Secure Your Instance

By default, all self-deployed Qdrant instances are not secure. They are open to all network interfaces and do not have any kind of authentication configured. They may be open to everybody on the internet without any restrictions. You must therefore take security measures to make your instance production-ready. Please read this section carefully for instructions on how to secure your instance.
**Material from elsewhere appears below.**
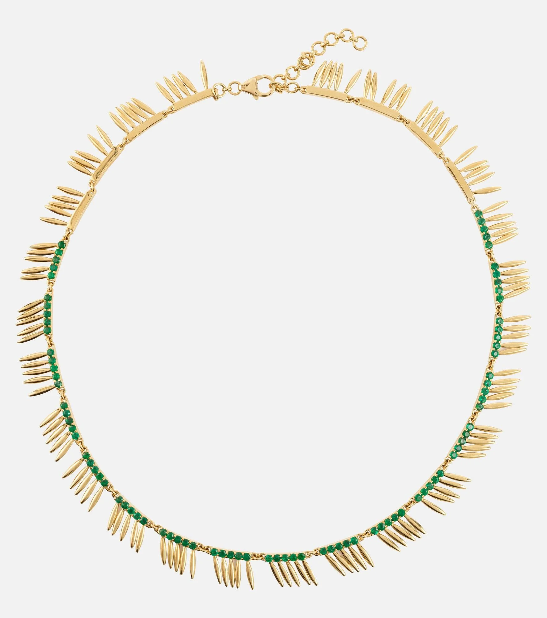 Inspired by the beauty found in nature, Ileana Makri’s Grass Sunny necklace features golden drops that sway gracefully as you move. Made from 18kt yellow gold, it’s decorated with sparkling 2.73ctw round-cut, prong-set emeralds, and finishes on a lobster clasp fastening. Product Details - Material: 18kt yellow gold - Stone I: emerald, round-cut, prong setting - Closure: lobster-clasp fastening - Made in Greece - Designer color name: 18k Yellow Gold - Item number: P00709816 Size & Fit - Adjustable length - Max. width 10mm-0.4" - Min. length 37,5cm-15" - Max. length 42cm-16.5"

Qdrant Cloud deployments are always secure by default. Refer to Authentication and Client IP Restrictions.

To properly secure your own instance, we strongly recommend taking the following steps:

Authentication: Set up an API key to prevent unauthorized access.
Audit Logging: Record all API operations to a log file for compliance and forensics.
Network Bind: Bind to a specific network interface or IP address.
When developing locally, bind to 127.0.0.1 to prevent all external access. When deploying to production, bind to a private network interface or IP.
TLS: Encrypt traffic everywhere using TLS.

Authentication

By default, an open source Qdrant deployment accepts requests from anyone who can reach it. To secure your instance, enable API key authentication. On Qdrant Cloud, API key authentication is enabled by default.

Qdrant supports three types of API key:

Admin API Key: Grants full access to all operations and collections.
Read-Only API Key: Grants read-only access to all operations and collections. This key can be used for services or users that only need to query data.
Granular Access API Keys: For more granular access control, you can use API keys that specify read or write permissions on individual collections.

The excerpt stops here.